The MN30xx series uses a negative Vgg/Vdd. Absolute maximums across Vgg to ground is (-18Vdc) to ~0.3Vdc. The MN31XX series uses a positive Vgg/Vdd to ground, absolute maximums are (-0.3CVdc) to 11Vdc.

Basically: pop in a BBD and power this thing up without checking that the switch is in the right position, boom. There goes your clock and BBD. Expensive mistake. Which is...well, troubling. And really easy to do. I know I'd probably do it.

I'd like to do something here that idiot-proof this thing to a certain extent.

Ideas:

Double up on the sockets for everything but the MN3011? Have one dedicated row for MN30XX, one dedicated row for MN32XX, clearly labeled.

Have some kind of visual feedback of what mode the board is currently in (could be done with a coulple of LEDs). Use a separate on/off switch?

 

[Cybercow]

Ack! Oh no! You're right. That schematic does have some connection errors. I will have it triple-checked and corrected by tonight. I will replace the image attached to the OP.

But as far as the potential for toasting a BBD or clock chip, it would be just as easy to insert the wrong chip into one of two sockets. It's a common "hazard" of most testing boards as well as basic building of most any production circuit board. (IMO) A line has to be drawn somewhere as far as 'idiot-proofing' goes. Otherwise the project just keeps growing.

 

[Cybercow]

No prob, wasn't able to do much on this this week, back on it today.

I'm seeing something a little strange on the schematic with the clock, anybody with a second set of eyes feel like checking me on this?

Pin 3 on the clock is meant to be "ground". Granted, the MN3101 uses a negative rail on VCC, meaning most of the time pedals are gonna invert the PSU in order to have a negative voltage across the rails. Thus the jumper arrangement in the original board to invert the power supply. Savvy?

It looks to me like the schematic has this connection wrong. It should be on the switched PSU leg, and should not connect to pin 6 on the DIP8 BBD. Pin 6 on the Dip8 BBD should connect to Pin 4 on the clock. Yeah?
------------------------------------------------
Also: got a little concern:

It seems to me that this design makes it remarkably easy to fry a BBD.

The MN30xx series uses a negative Vgg/Vdd. Absolute maximums across Vgg to ground is (-18Vdc) to ~0.3Vdc. The MN31XX series uses a positive Vgg/Vdd to ground, absolute maximums are (-0.3CVdc) to 11Vdc.

Basically: pop in a BBD and power this thing up without checking that the switch is in the right position, boom. There goes your clock and BBD. Expensive mistake. Which is...well, troubling. And really easy to do. I know I'd probably do it.

I'd like to do something here that idiot-proof this thing to a certain extent.

Ideas:

Double up on the sockets for everything but the MN3011? Have one dedicated row for MN30XX, one dedicated row for MN32XX, clearly labeled.

Have some kind of visual feedback of what mode the board is currently in (could be done with a coulple of LEDs).
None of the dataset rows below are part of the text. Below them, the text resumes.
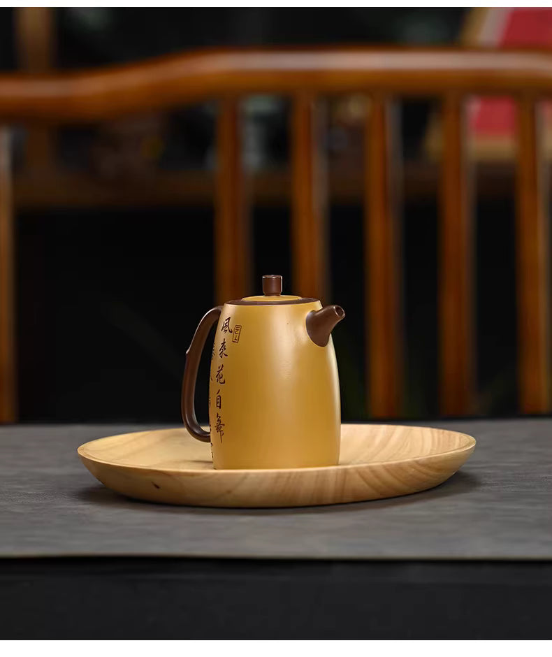 The Gao Jing Lan teapot is a masterpiece of Yixing Zisha artistry, blending the architectural strength of the classical "High Well Curb" form with the delicate beauty of traditional mud-painting. Crafted from authentic Wen-Ge Purple Clay (文革紫泥), a sought-after aged ore known for its superior breathability and rich, dark undertones, this pot is designed to "season" beautifully over time, developing a unique natural luster.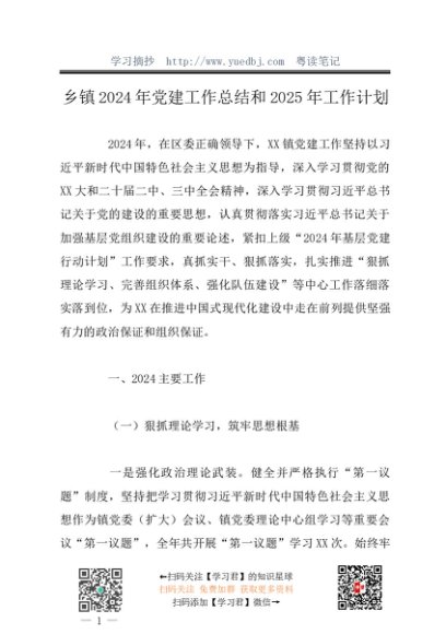 / 工作总结:20241127乡镇2024年党建工作总结和2025年工作计划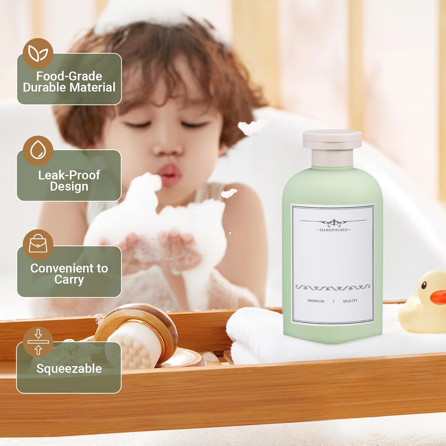 10oz Travel Shampoo Bottle, Empty Plastic Squeeze Bottles with Flip Cap, Lotion Container for Toiletries Travel Size Shampoo and Conditioner (3 pack green)
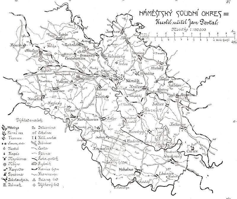 Mapa "Náměštského soudního okresu" nakreslená učitelem Janem Dostalem v měřítku 1:150000. Mapa byla otištěna v příloze "Vlastivědy Moravské".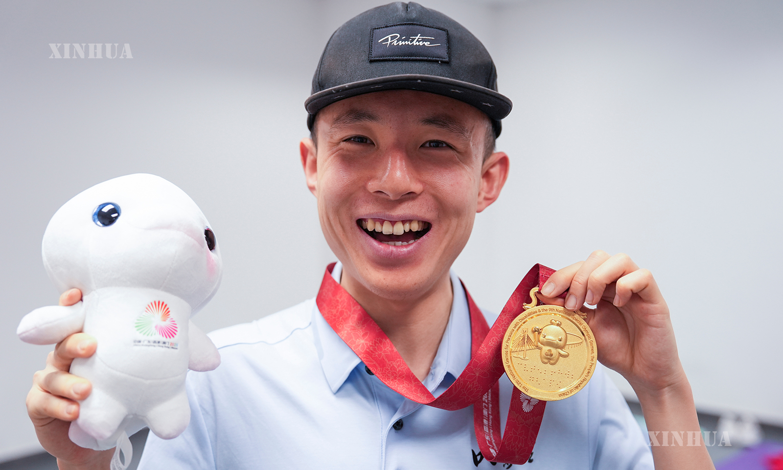 图说1:12月14日,孙宇亮展示本届赛会获得的五枚金牌。 新华社记者 伍志尊 摄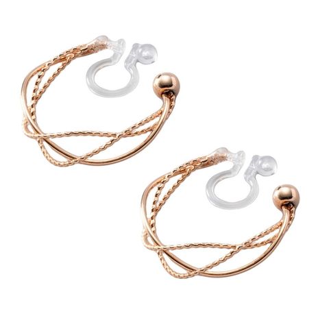 ピアス イヤリング 金属アレルギー ニッケルフリー レディース フープ ドットライン ツイスト 3連 シリコンキャッチ cream dot ゆうパケット [ピンクゴールド_イヤリング]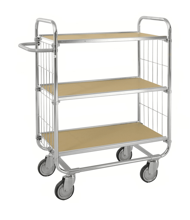 Flexibel hyllvagn med ett brett användningsområde. Hyllorna kan monteras på olika höjder efter eget önskemål. Levereras omonterad. Elförzinkad med ESD hyllorHyllplan steglöst ställbara i höjdJusterbart handtag4 länkhjul 125 mmBelastning: 250 kg

Use a separate on/off switch?

The schematic is now corrected/updated in the OP. (Sorry about that. Doing electronics with lysdexia is an added challenge layer.) Good catch on your part. Thank you!

Yeah, the jumpers simply determine the power supply polarity for which chip set (MN30xx or MN32xx) is to be tested.
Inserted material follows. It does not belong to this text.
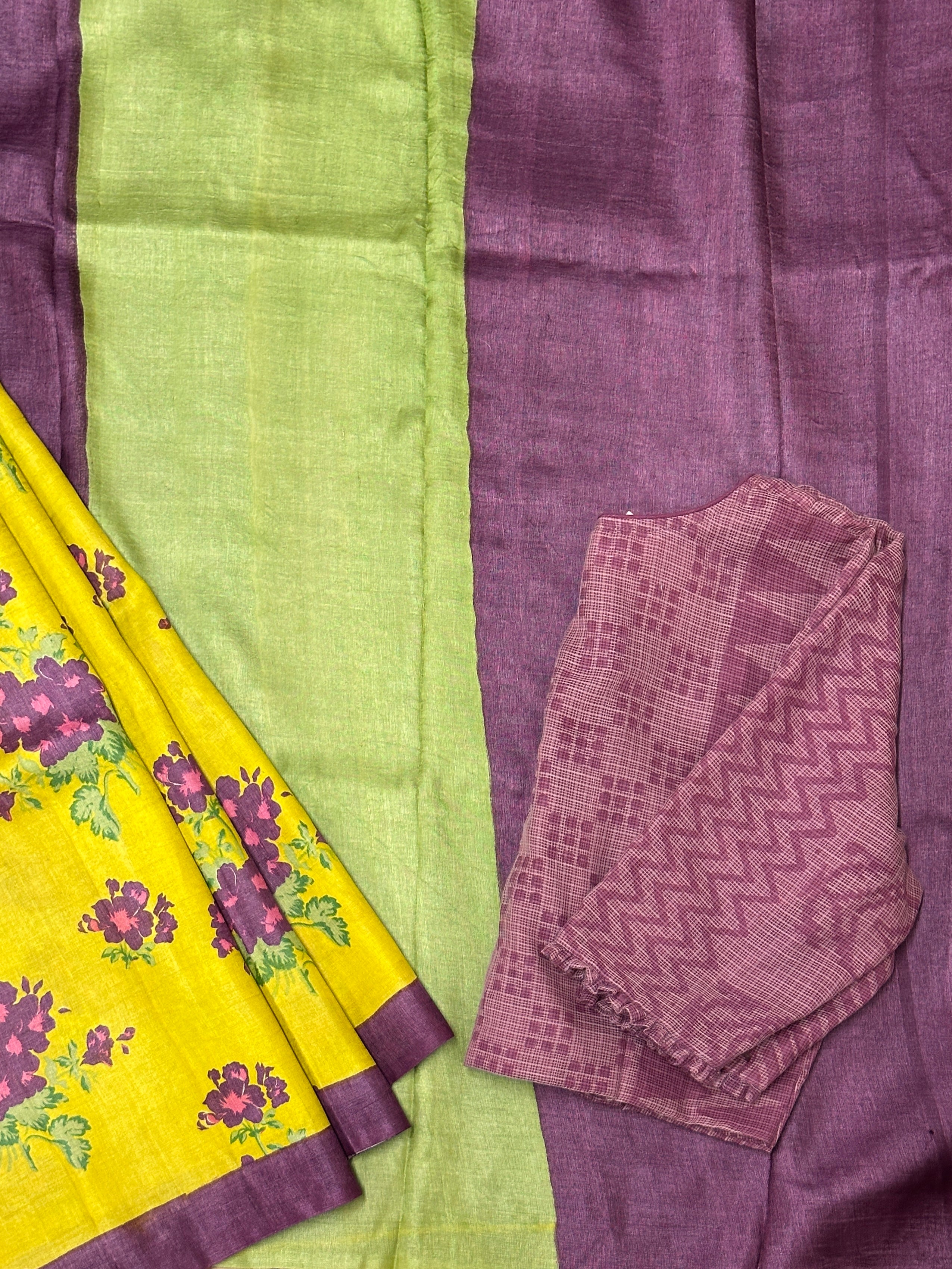• Crafted from pure tussar silk with exquisite hand block floral prints.

The visual cue for a quick glance to know whether the test board is currently set up for MN30xx vs MN32xx is a fair enough idea. But to my thinking, that's what jumper positioning both determines and shows. I've tested just over a hundred various BBD & clock chips and have yet to fry one. Not sure if it's luck or over-cautiousness on my part.

I also think it's important to be aware that the end result board size will determine the fabrication costs. Either way, still looking forward to see what you come up with.